FIG. 1 is a front view of a bobbin portion of a rotation sensor according to an embodiment of the present invention.

FIG. 2 is a sectional view taken along line II-II in FIG.

3 is a sectional view taken along line III-III in FIG.

FIG. 4 is a front view showing a cross section of an outer layer portion of the rotation sensor according to the present embodiment.

5 is an enlarged cross-sectional view of the main parts of FIG.

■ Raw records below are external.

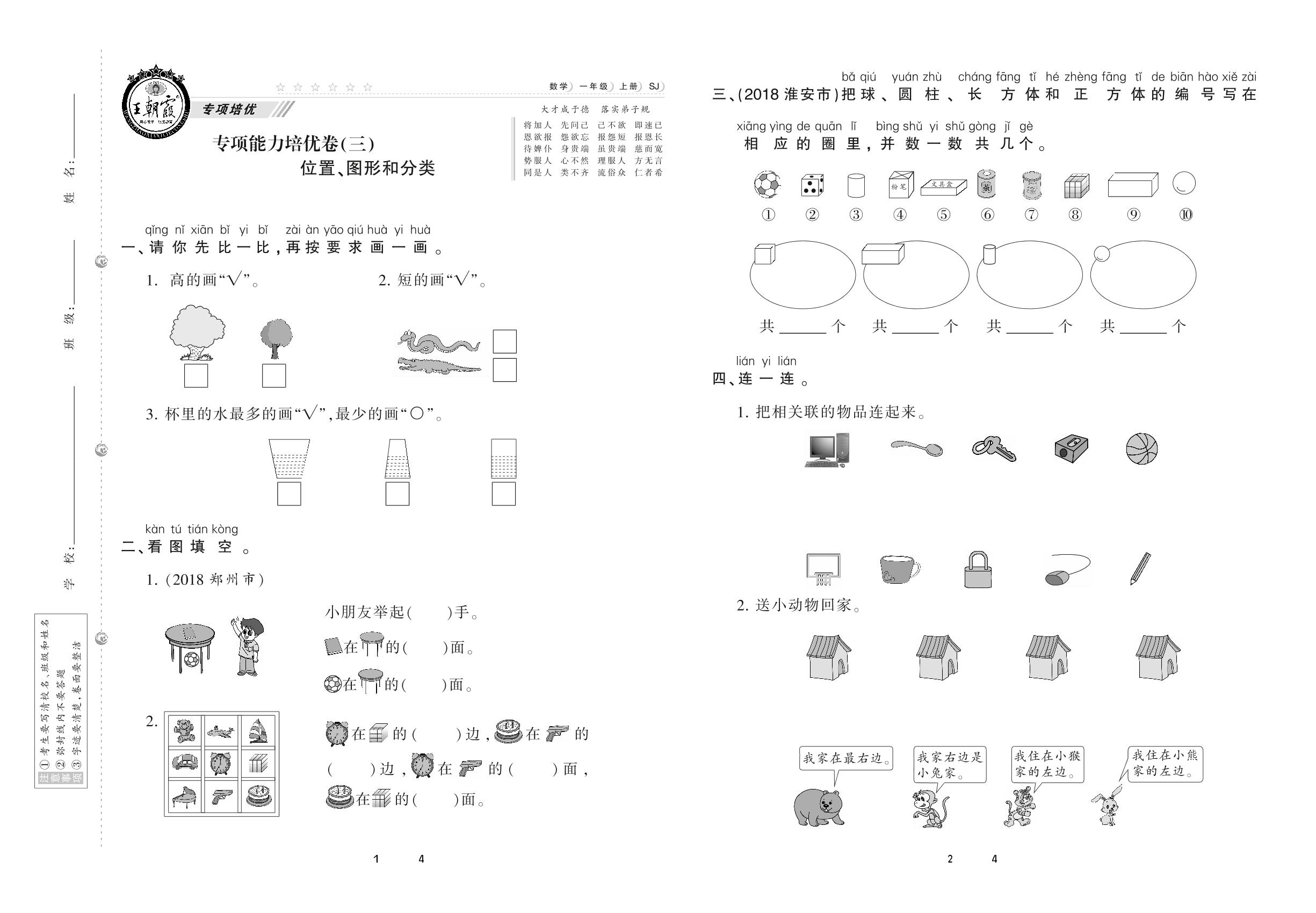 2020上册一年级数学苏教版 专项能力培优卷(三) 位置、图形和分类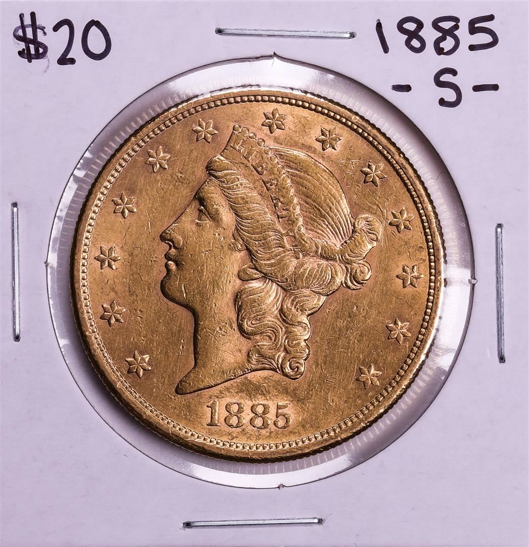 One 1885-S $20 Liberty Head Double Eagle Gold Coin.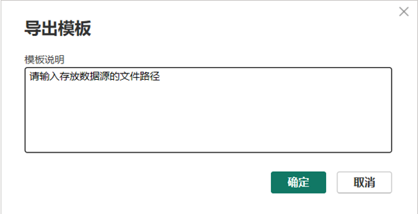 STEP 5 设计好报告后,点击菜单栏文件中的另存为(或者导出)PowerBI模板.pbit文件,输入适当的提示信息(用户打开模板文件的时候可以看到,比如“请输入存放数据源的文件路径”),点击确定。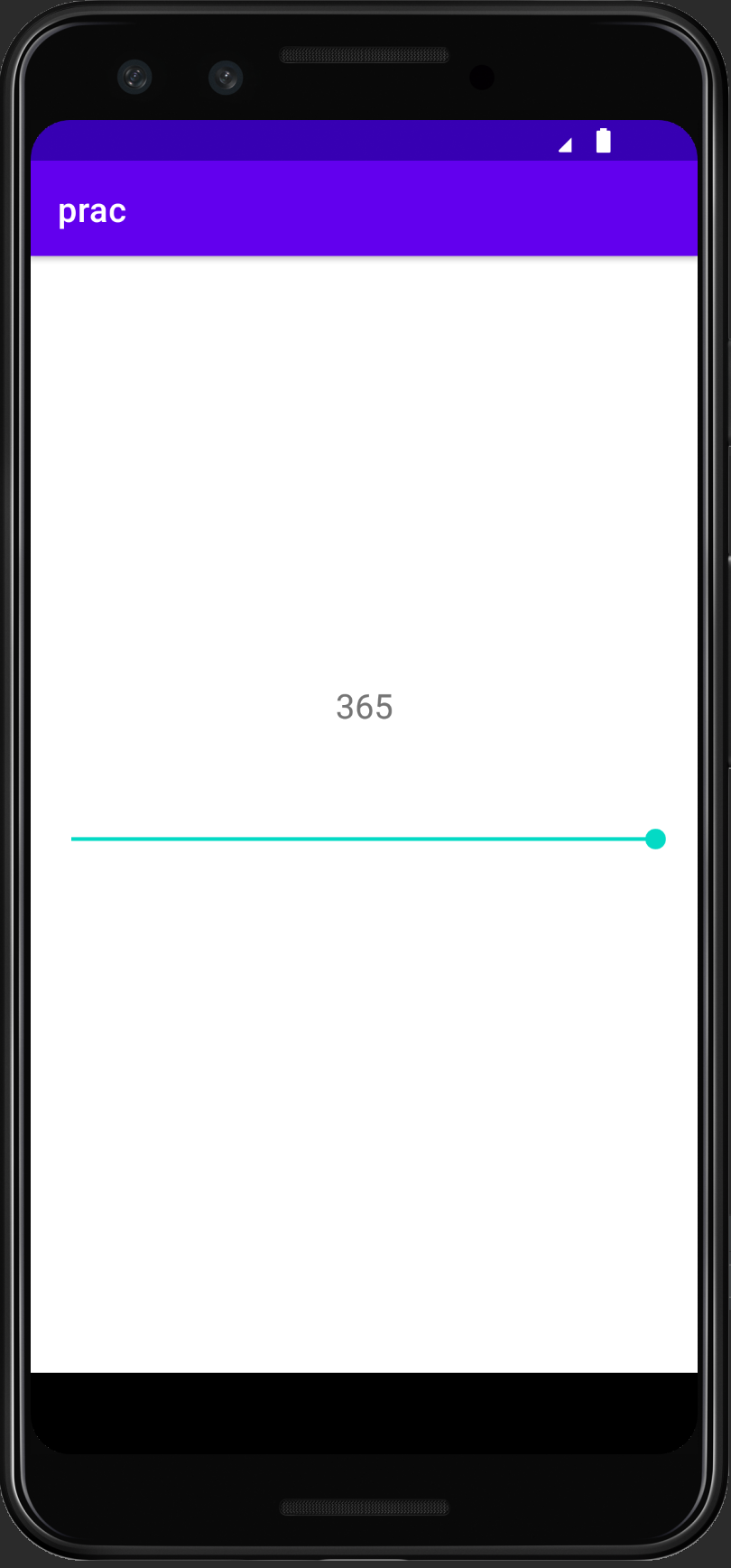 미지정되어있는 max의 값을 새로이 바꾸고 다시 에뮬레이터를 실행해보면 변경된 시크바의 최댓값을 확인할 수 있습니다.

FIG. 6 is an enlarged cross-sectional view of another main part of FIG.

FIG. 7 is a sectional view of a rotation sensor according to another embodiment.

FIG. 8 is a sectional view of a conventional rotation sensor.

[Explanation of symbols]

1 pole body 2 magnets 3 bobbins 4 coil winding range 5 coils 6,7 flange 8 remaining holes 9 Water, salt water, etc. 14 slope 15 Tapered tip 16 tapered tip 17,18 Cable wire 19, 20 terminals 21 Outer layer 22, 23 Fusion part

─────────────────────────────────────────────────── ─── Continuation of the front page (56) Reference JP-A-5-312822 (JP, A) JP-A-4-132964 (JP, A) JP-A-48-60229 (JP, A) JP-A-8- 43415 (JP, A) Actual development 3-83875 (JP, U) Actual development 3-106456 (JP, U) Actual development Sho 63-81207 (JP, U) (58) Fields investigated (Int.Cl. ⁷ , DB name) G01P 3/478-3/488 H01F 27/32

Claims (4)

(57) [Claims] 1. A bobbin made of resin for accommodating a pole body and a magnet, a coil wound around a coil winding portion provided on an outer surface of the bobbin, the bobbin and the coil being externally attached to the tip of the pole body. In a rotation sensor having a resin outer layer portion that covers the pole body and the magnet while protruding, a fixing member for fixing the position of the pole body and the magnet so as not to move by injection pressure during injection molding of the bobbin is obtained. A rotation sensor characterized in that a tip opening of a residual hole formed is formed in a tapered shape. 2. A bobbin made of resin for accommodating a pole body and a magnet, a coil wound around a coil winding portion provided on the outer surface of the bobbin, the bobbin and the coil being externally attached to the tip of the pole body. In a rotation sensor having a resin outer layer portion that covers the coil winding portion, a flange defining one end side of a winding range of the coil is located at a tip end side of the pole body in the coil winding portion. Is integrally formed on the bobbin, the tip end of the flange is formed as an inclined surface so that the coil side does not become entangled when the coil is wound, and is formed in a tapered shape by using the inclined surface. At the time of injection molding, the tip opening of the residual hole formed by taking out the fixing member for fixing the position of the pole body and the magnet so as not to move by the injection pressure is formed in a tapered shape. A rotation sensor characterized by being installed. 3. The rotation sensor according to claim 1 , wherein the taper-shaped portion of the bobbin is fused with an outer layer outside the bobbin. In any one of claims 4] claims 1-3, the distal end opening portion of the remaining holes, rotation sensor, characterized in that it is formed as an inclined surface descending toward the distal end of the pole body.